Hayono Suyono (kedua dari kiri) dan Mohamad Kassim Moosa (kedua dari kanan) meraih penghargaan Sarwono Prawirohardjo

Jakarta - Lembaga Ilmu Pengetahuan Indonesia (LIPI) menganugerahi penghargaan Sarwono Prawirohardjo atau Sarwono Award kepada profesor riset Lembaga Antariksa dan Penerbangan Nasional (Lapan) Thomas Djamaluddin dan kehormatan memberikan Sarwono Prawirohardjo Memorial Lecture XIII kepada Direktur Utama PT Pertamina Karen Agustiawan.

Penghargaan Sarwono Prawirohardjo dan Sarwono Prawirohardjo Memorial Lecture (SML) merupakan bentuk penghormatan atas jasa-jasa Prof Dr Sarwono Prawirohardjo sebagai bapak LIPI sekaligus Ketua pertama LIPI.

Oleh karena itu dalam rangkaian HUT LIPI ke-46, Sarwono Award XII kembali diberikan. Di samping itu LIPI juga menyelenggarakan memorial lecture yang bersifat khusus dan diberikan oleh seseorang yang sudah mumpuni di bidangnya, baik dari kalangan ilmuwan sendiri maupun praktisi, pakar dan tokoh masyarakat yang sudah terbukti kontribusinya bangsa bangsa dan tanah air.

"LIPI Sarwono Award untuk tahun 2013 diberikan kepada Prof Dr Thomas Djamaluddin. Beliau sangat aktif memberikan advokasi saintifik yang sangat berharga kepada pemerintah dan masyarakat luas," katanya di sela-sela Sarwono Award 2013 di Gedung LIPI, Jakarta, Jumat (23/8).

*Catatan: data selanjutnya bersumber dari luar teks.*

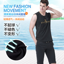 2017夏季纯棉运动服 男 背心篮球服晨练跑步健身大码无袖休闲套装
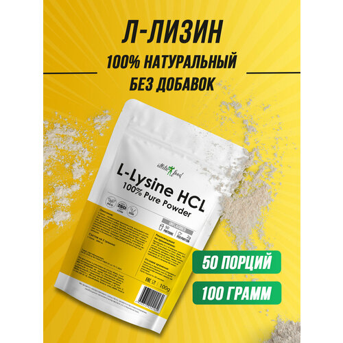 Atletic Food Л-Лизин 100% L-Lysine HCL Powder - 100 грамм, без вкуса
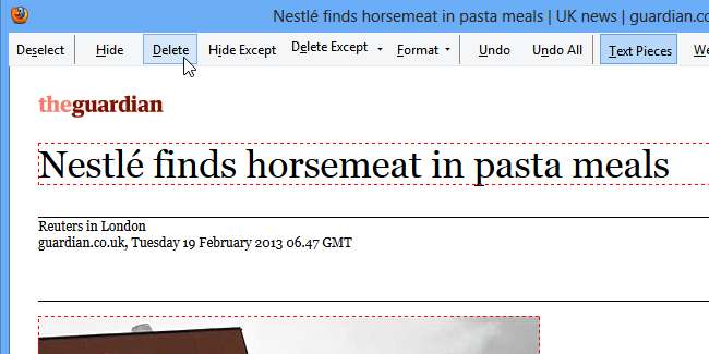 Klicka på valfritt sidelement - vare sig det är text eller bild - och du kan sedan använda det översta verktygsfältet för att välja vad du ska göra. Klicka på Radera och det valda elementet tas bort och resten av sidan flyttas för att fylla i det lediga utrymmet. Du kan också använda alternativet Dölj för att välja att inte skriva ut ett visst objekt utan lämna ett osynligt objekt på plats för att behålla formateringen.
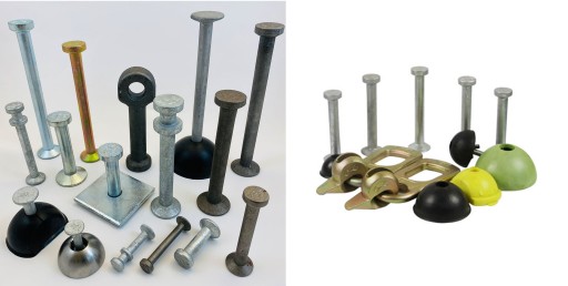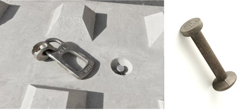 WYKONANIE: Kotwy są kute (pręt stalowy) ze stali St 52-3 a przeznaczone są głównie do transportu wszystkich typów prefabrykatów, np. dźwigarów, słupów, kręgów, belek itp.. Jakiekolwiek zmiany (zwłaszcza spawanie) kotew z głowicą kulową są niedozwolone. Nośność oferowanych kotew transportowych do podnoszenia waha się od 1,3 T do 32 T w zależności od potrzeb [patrz inne nasze oferty na allegro].
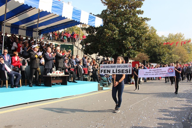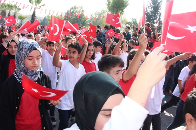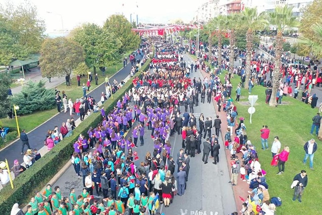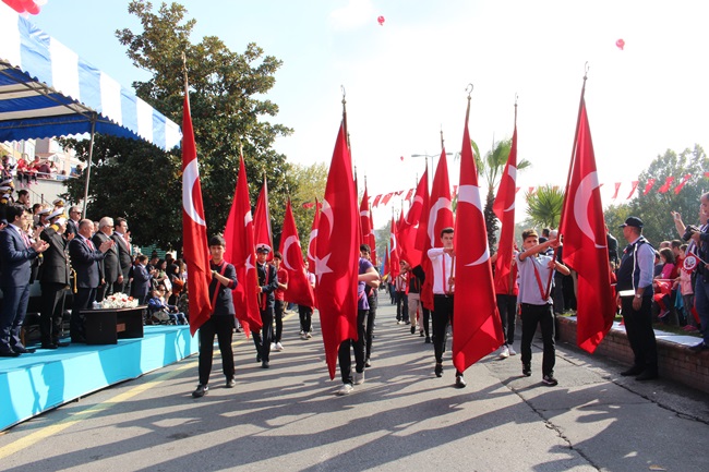 Kutlama programı çerçevesinde, katılımcı gruplar tarafından tören geçişi bulvarı dolduran binlerce vatandaşın alkışları arasında gerçekleştirildi. Tören Geçişi programının önceki yıllardaki kutlamalara göre çok daha büyük bir katılımla gerçekleştiği dikkatlerden kaçmadı. Töreni izleyen vatandaşların sayısının da önceki yıllara kıyasla çok daha fazla olduğu gözlendi.
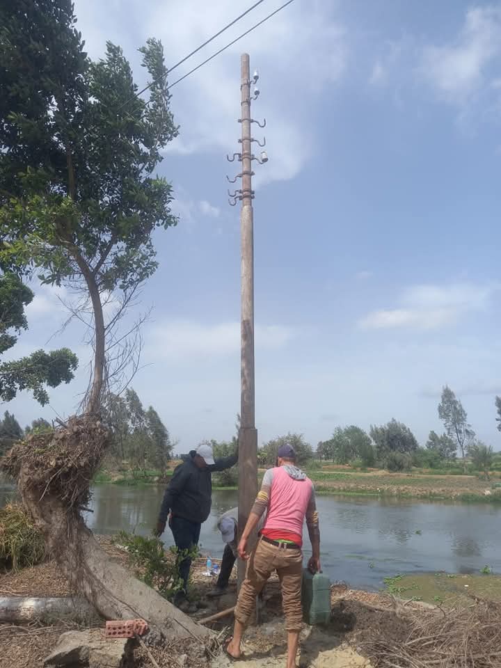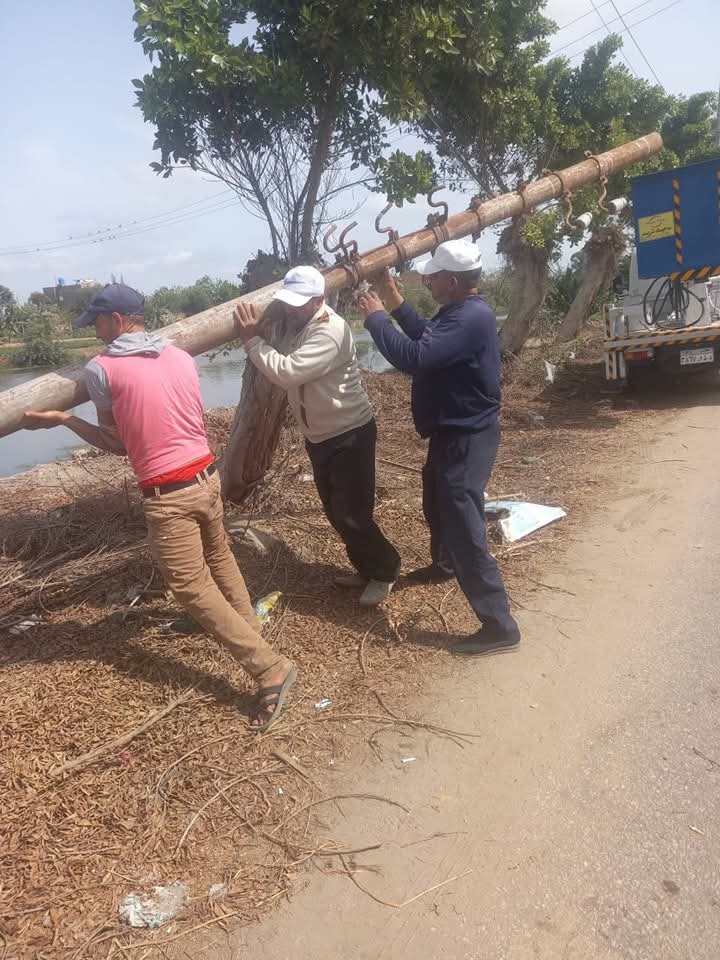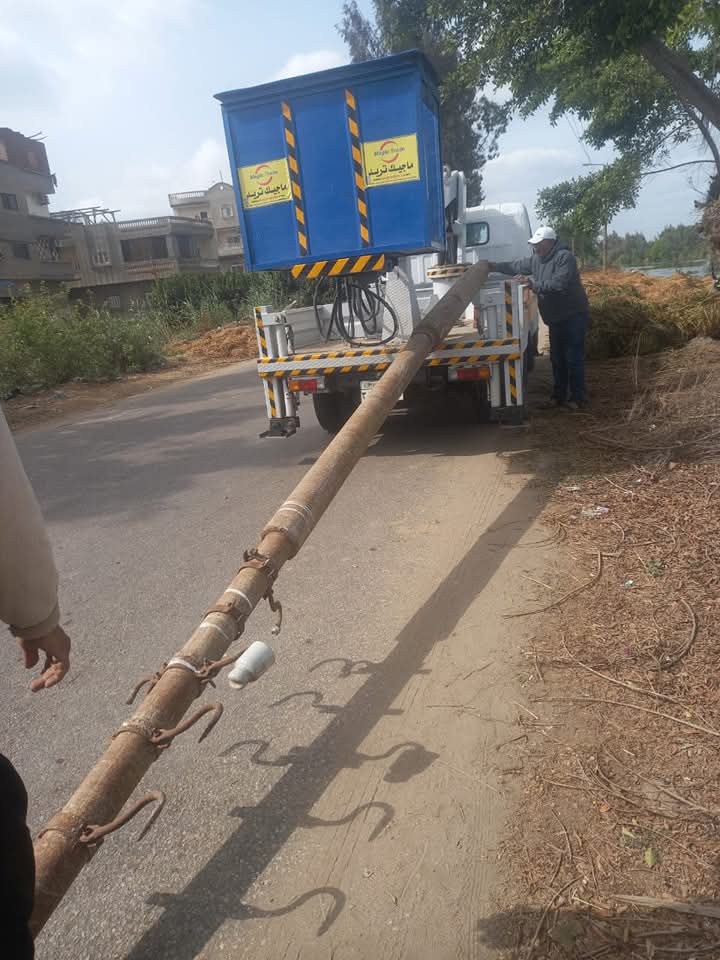 إزالة عمود إنارة مائل بطريق كفر الحصة في الدقهلية (صور)
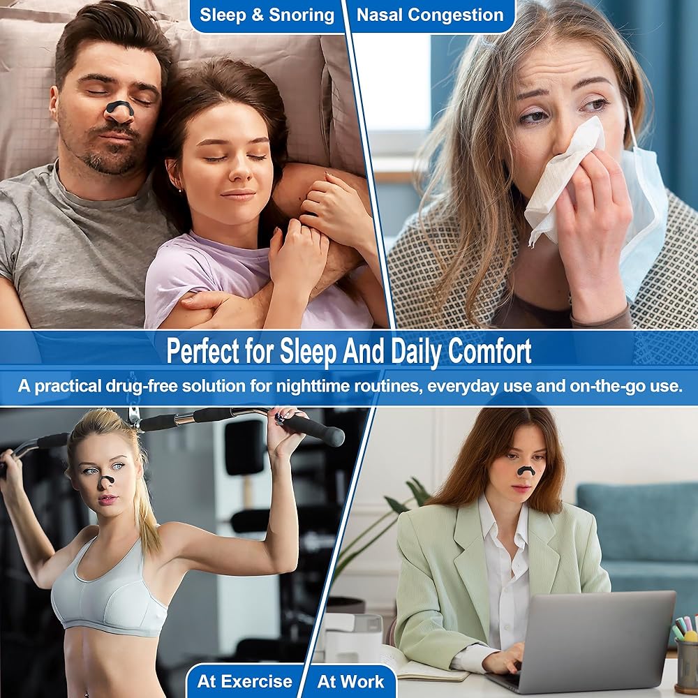 تدعم التنفس بسهولة - ترفع شرائط الأنف هذه بلطف وتفتح الأنف لزيادة تدفق الهواء وتساعدك على التنفس بشكل أسهل طوال الليل من أجل نوم أعمق وأكثر راحة. طريقة بسيطة خالية من الأدوية لتخفيف احتقان الأنف الناجم عن نزلات البرد أو الحساسية ودعم التنفس بشكل أكثر سلاسة.
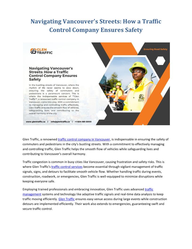 Glen Traffic is a leading provider of expert traffic management services.
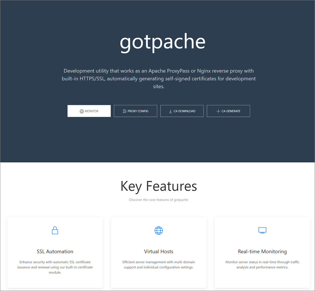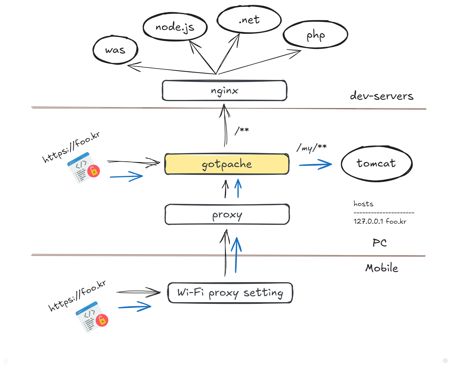 Gotpache는 개발/테스트환경에서 apache의 ProxyPass 기능과 SSL인증서를 간편하게 사용하기 위해서 개발한 프로그램입니다.
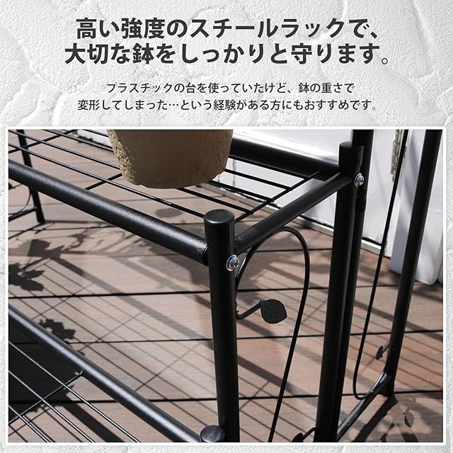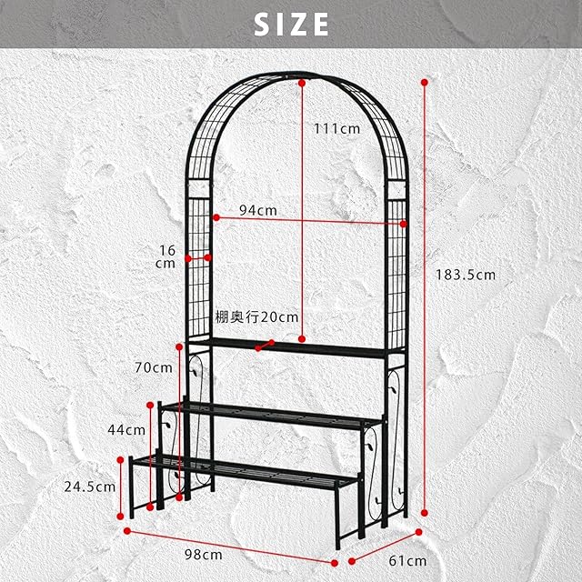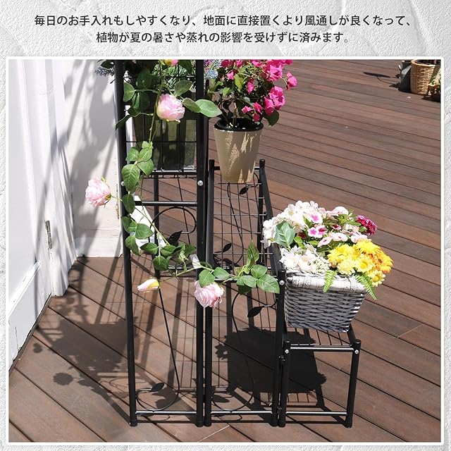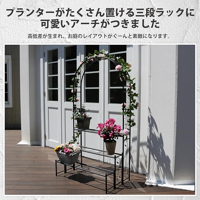 ガーデンガーデン アーチ型 アイアン3段プランターラック フラワースタンド 園芸ラック 幅98×奥行61×183.5cm ブラック スチール ARCH-RACK183
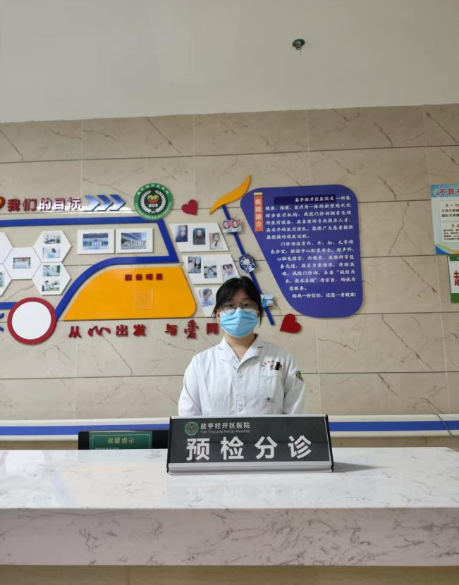 在量血压的环节中,王泓入耐心地为每一位病人测量血压,记录数据,护士姐姐关心地询问了他们的身体状况,给予了基本的健康建议。在导引台,她负责接待前来就诊的病人及其家属,引导他们到相应的科室,耐心解答疑问,提供方向指引。
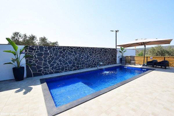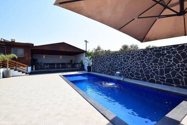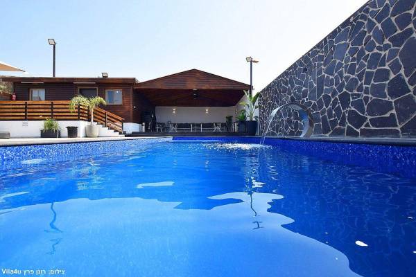 - בריכת שחיה גדולה בנויה, צלולה מרעננת עם מפל מים
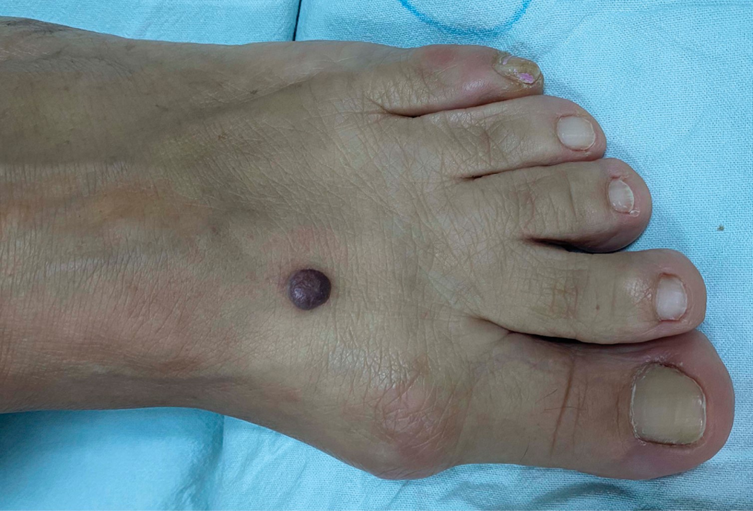 Paciente del sexo femenino, de 68 años, quien acude a valoración por presentar una neoformación en dorso de pie izquierdo, a nivel de tarso, de tres años de evolución. Cuenta con el antecedente de rasurado previo de la misma lesión en el año 2013, cuyo diagnóstico histopatológico fue de poroma ecrino. Sin otros antecedentes personales relevantes para el padecimiento actual.
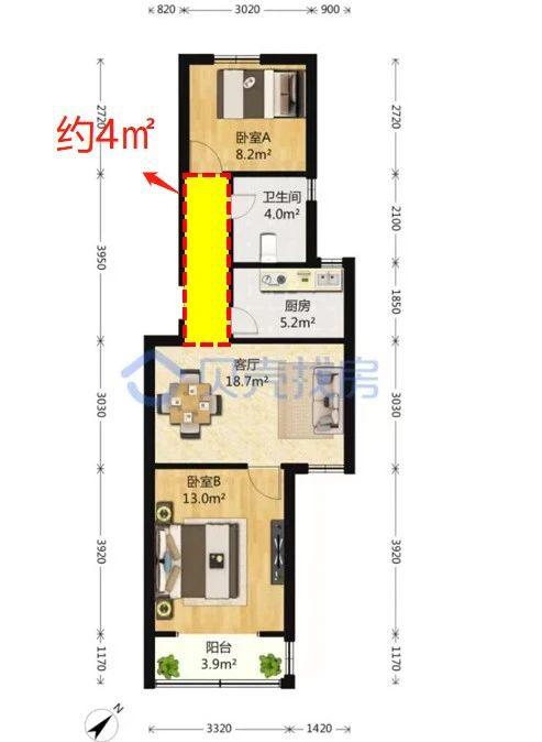 只有粗略的估计才应该只有 4 平方米,除了塞下一台极窄的单开冰箱,从此放不下别的东西。

Thomas yang saat ini menjabat Deputi Sains Pengkajian dan Informasi Kedirgantara Lapan masih aktif mengajar dan menjadi pembimbing di Program Magister dan Doktor Ilmu Falak di IAIN Walisongo Semarang Jawa Tengah. Lebih dari 50 makalah ilmiah, 100 tulisan populer, dan 5 buku tentang astronomi dan keislaman telah dipublikasikannya.

Terkait dengan penelitian, bapak tiga putera itu saat ini menjadi anggota Himpunan Astronomi Indonesia, International Astronomical Union, dan National Committee di Committee on Space Research, serta anggota Badan Hisab Rukyat (BHR) Kementerian Agama RI dan BHR Daerah Provinsi Jawa Barat.

Selain Thomas, Lukman menambahkan, untuk orasi ilmiah SML XIII disampaikan oleh Karen Agustiawan. Karen terpilih karena dinilai sebagai perempuan paling berpengaruh di industri minyak dan gas (migas) dunia versi lembaga training dan event Terrapinn yang berbasis di London Inggris.

Ia pun menjadi eksekutif urutan pertama versi lembaga tersebut. Di bawah kepemimpinan Karen, Pertamina menduduki urutan ke 122 dalam jajaran Fortune 500 atau perusahaan terbaik dunia. Tak hanya itu saja, berbagai presetasi pun diraihnya sejak menduduki jabatan Direktur Utama pada 5 Februari 2009 hingga saat ini.

Lukman pun berharap apa yang telah dihasilkan penerima Sarwono Award ini bisa menjadi inspirasi bagi para peneliti dan generasi penerusnya untuk terus membangun dan memajukan Indonesia melalui ilmu pengetahuan.